# new apple wireless keyboard, is it broken?



## crunchiespg (Oct 24, 2007)

just got my new wireless aluminium keyboard home. got it all working fine with my macbook after getting the 1.2 keyboard update.
however the little green light that the manual says should be on when the power is on doesnt stay on. hence i have no way of knowing if my keyboard is on or off.

is this normal? how do you know you have turned it off?

the green light comes on and then flashes for a bit then shuts off.. the only way i can check if my keyboard is on or not at the moment is to turn the caps lock key on and off...

any ideas? do they all act like this?
thanks


----------



## monokitty (Jan 26, 2002)

But does it work?


----------



## MacBookPro (Jun 22, 2006)

The light is not supposed to stay on. So relax and enjoy!


----------



## crunchiespg (Oct 24, 2007)

MacBookPro said:


> The light is not supposed to stay on. So relax and enjoy!

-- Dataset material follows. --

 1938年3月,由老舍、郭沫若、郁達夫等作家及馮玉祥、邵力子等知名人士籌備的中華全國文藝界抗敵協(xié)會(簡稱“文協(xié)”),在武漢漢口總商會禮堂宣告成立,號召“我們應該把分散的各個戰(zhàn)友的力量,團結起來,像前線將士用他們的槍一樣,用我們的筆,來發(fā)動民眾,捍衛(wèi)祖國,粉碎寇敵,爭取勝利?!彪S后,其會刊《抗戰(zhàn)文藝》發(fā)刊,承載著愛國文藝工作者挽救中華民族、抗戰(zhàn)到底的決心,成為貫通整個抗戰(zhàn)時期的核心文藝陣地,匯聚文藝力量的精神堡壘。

so how do you know if its on or off? as i dont want to leave it on and waste all the battery life!


----------



## monokitty (Jan 26, 2002)

crunchiespg said:


> so how do you know if its on or off? as i dont want to leave it on and waste all the battery life!

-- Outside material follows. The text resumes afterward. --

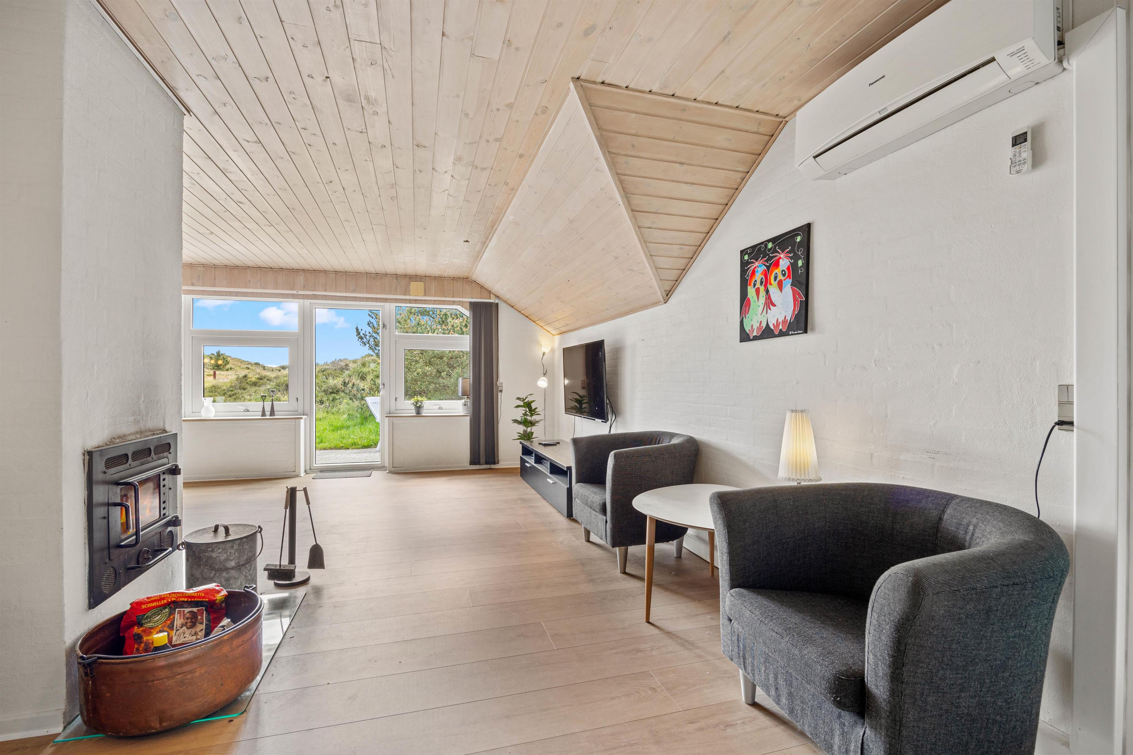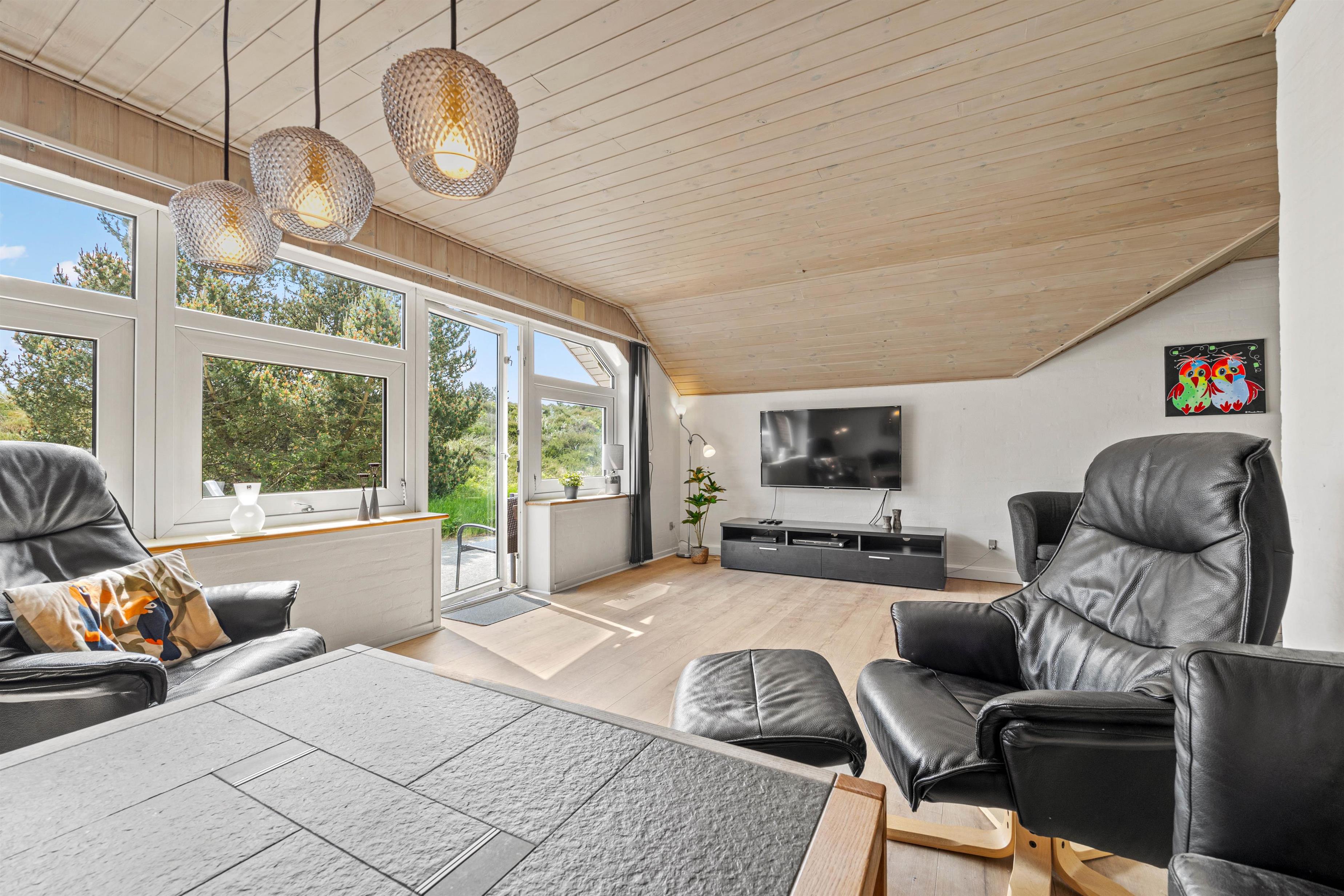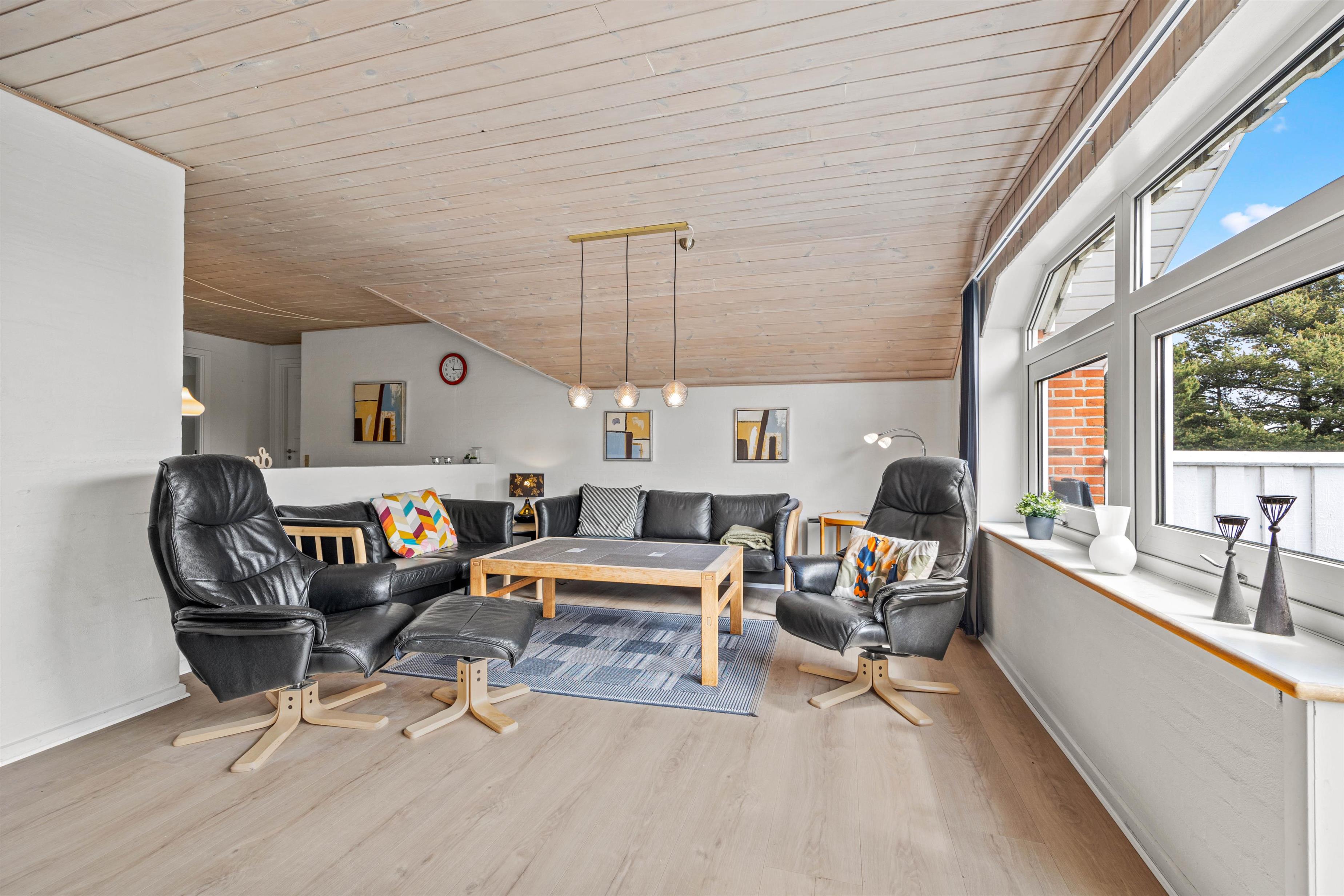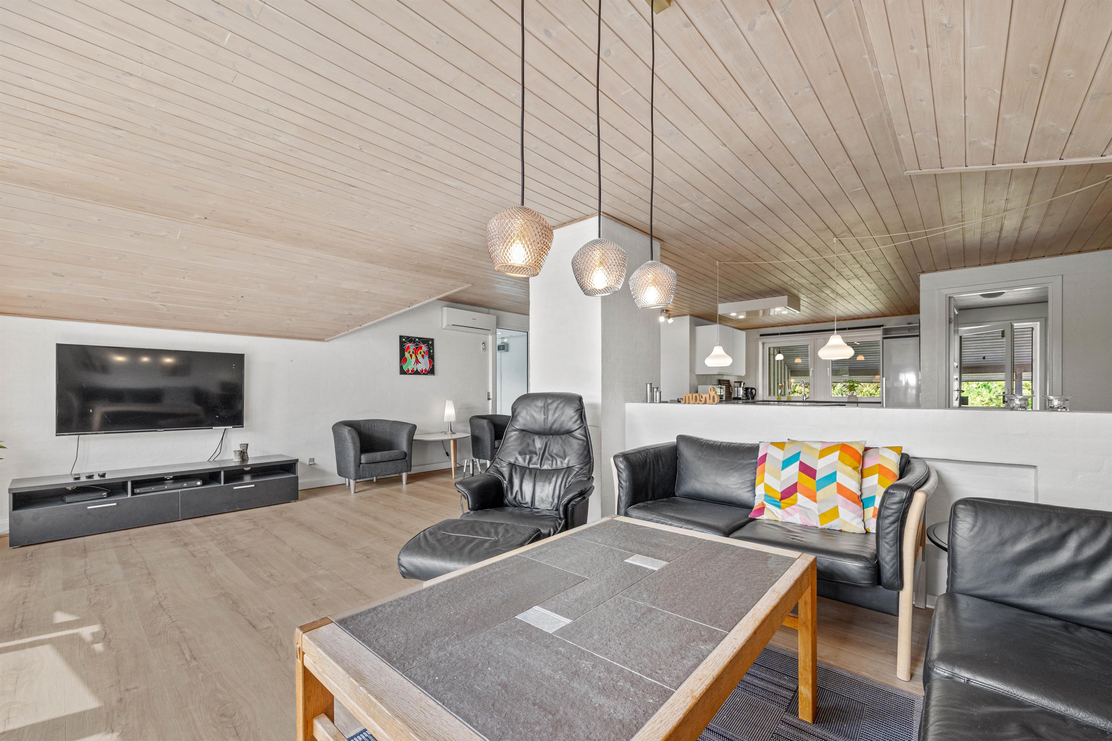 Samlingspunktet i det smukke feriehus på Vestergårdsvej 13 er det åbne plan. Med udsigt til poolområdet er stue, spisestue og køkken i åben forbindelse med hinanden. Det betyder, at I kan lave mad sammen og nyde aftenen ved spisebordet over et glas vin, mens børnene trækker sig tilbage til stuen og nyder en filmaften med friske popcorn fra mikroovnen. Den indbyggede pejs giver ekstra hygge med knitren fra ilden, og det store vinduesparti i stuen giver masser af naturligt lys ind i rummet. Hvis det er nødvendigt, kan man tænde for den energibesparende varmepumpe, som hurtigt og effektivt sørger for et behageligt indeklima og en god temperatur. De 10 feriegæster kan fordele sig på 4 soveværelser og lade batterierne op til den kommende dag. Der er i alt 3 dobbeltsenge og 2 køjesenge, som vil være et hit hos børnene.

Invalid fear. The Apple wireless keyboards can go months between batteries. If you're that paranoid, get a set of rechargeable batteries for a one-time fee that will eliminate the need to continue to purchase replacement batteries.


----------



## MacBookPro (Jun 22, 2006)

Lars said:


> Invalid fear. The Apple wireless keyboards can go months between batteries. If you're that paranoid, get a set of rechargeable batteries for a one-time fee that will eliminate the need to continue to purchase replacement batteries.


Lars, you are an Apple Certified Technician and this is your answer?

crunchiespg, from Apple web site:

"The keyboard automatically powers down when you’re not using it and turns on instantly as soon as you start typing. This intelligent power management means you’ll get up to nine months of battery life based on average usage patterns. It also has an on/off switch for when you’re away from your computer for a long time."

The accompanying manual is not very good, but generally the light stays off (why waste battery power for a light?). When waking keyboard from its' power-downed state, the light will come on for a few seconds, then go off.


----------